Профессор является к полудню, а до тех пор меня выспрашивает доцент – человек с печальным лицом и тихим голосом, специалисты-глазники крутят мою голову, как сломанный фотоаппарат. В кабинете, где все это происходит, – невообразимая толкотня и суета, от незнакомых лиц рябит в глазах, слух мучительно режет сплошь немецкая речь, и к моему величайшему облегчению попадается вдруг скромный молодой врач, который узнает меня в лицо. Он уже два года работает здесь, проверяя на практике свое открытие: пытается лечить шизофрению инсулином.

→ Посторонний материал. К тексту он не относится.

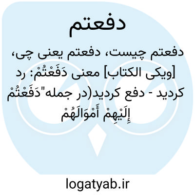 [ویکی الکتاب] معنی دَفَعْتُمْ: رد کردید - دفع کردید(در جمله"دَفَعْتُمْ إِلَیْهِمْ أَمْوَالَهُمْ "یعنی اموالشان را به آنها برگرداندید) ریشه کلمه: دفع (۱۰ بار)
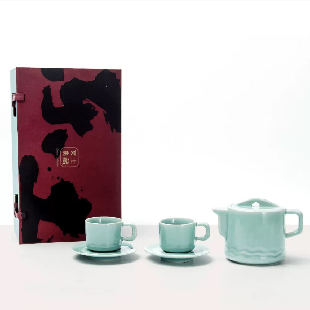青瓷山川本色茶具套装大师系列高端送礼一壶两杯

Ну и наконец прибывает профессор Пёцль. У него интересная внешность, взгляд, выражение лица, жесты выдают тип поистине артистический; в каждой черте его облика сквозят тонкий ум, талант, способность страдать и умение владеть собою, – определенная четверка «симптомов», свойственных каждому художнику и артисту, роднящих между собою эквилибриста и поэта. Его чрезмерная, чуть приторная любезность не производит неприятного впечатления, заставляя предположить в нем симпатичную рассеянность и внушая понимающему собеседнику уважение и сочувствие. Профессор извиняется, что вынудил меня прийти в клинику, располагай он временем, он самолично навестил бы меня в гостинице. Кстати сказать, ему прекрасно известно, кто я такой, но возможно, и я знаю, что его отец был одним из знаменитейших юмористов Вены. Медицинских вопросов он не касается, и все же через несколько минут я начинаю чувствовать себя в такой безопасности, как пассажир попавшего в шторм корабля, узнавший, что капитан взял рулевое колесо в свои руки. На время обследования профессор намеревается предложить мне палату, но тотчас же дает согласие через каждые два дня отпускать меня с ночевкой в гостиницу.
В последующую неделю эта видимость свободы поддерживает мой дух, иначе я чувствовал бы себя пропащим человеком. На сей раз обследование отнюдь не напоминает ту осторожную, заботливо-предупредительную, ласковую игру в прятки, какую вели со мной на родине, где каждый меня знает и любит, где я знаю и люблю каждого. Для здешних врачей я всего-навсего клинический случай, комплект анализов в футляре натуральной кожи. Я похож на солдата, которого мобилизовали по приказу, облачили в форменное обмундирование и обучают, прежде чем направить его в маршевую роту. Или же опять-таки на преступника, официальный приговор которому еще не поступил сверху, но он уже осужден и, собственно говоря, начал проходить срок наказания.
Сама тюрьма (разумеется, аналогии ради и глазами импрессиониста вроде меня) по внешнему виду сильно напоминает давние карательные заведения времен инквизиции. Я с наслаждением сравниваю кабинеты, битком набитые аппаратурой, с камерой пыток и все образы черпаю отсюда. Констатирую, что окошко в моей палате расположено так же высоко, как в подвалах застенков, а над добряками санитарами в открытую подтруниваю, как над заплечными мастерами. Проверку зрения и слуха, обследование нервной системы я воспринимаю с легкостью бывалого пациента, подшучиваю свысока. Но однажды утром мне становится не до шуток: я с удивлением замечаю, что пошли в ход какие-то новые трюки, к которым истязатели мои до сих пор не прибегали. Подвергается проверке мое обоняние: в состоянии ли я отличить по запаху чеснок от земляники? Затем обследуют нёбо: не смешаны ли у меня вкусовые ощущения? И наконец следуют вопросы весьма странного свойства и отвечать на них велено сразу же, меня заставляют складывать и вычитать, проверяют, умею ли я писать, и спрашивают, знаю ли я, кто такой Наполеон.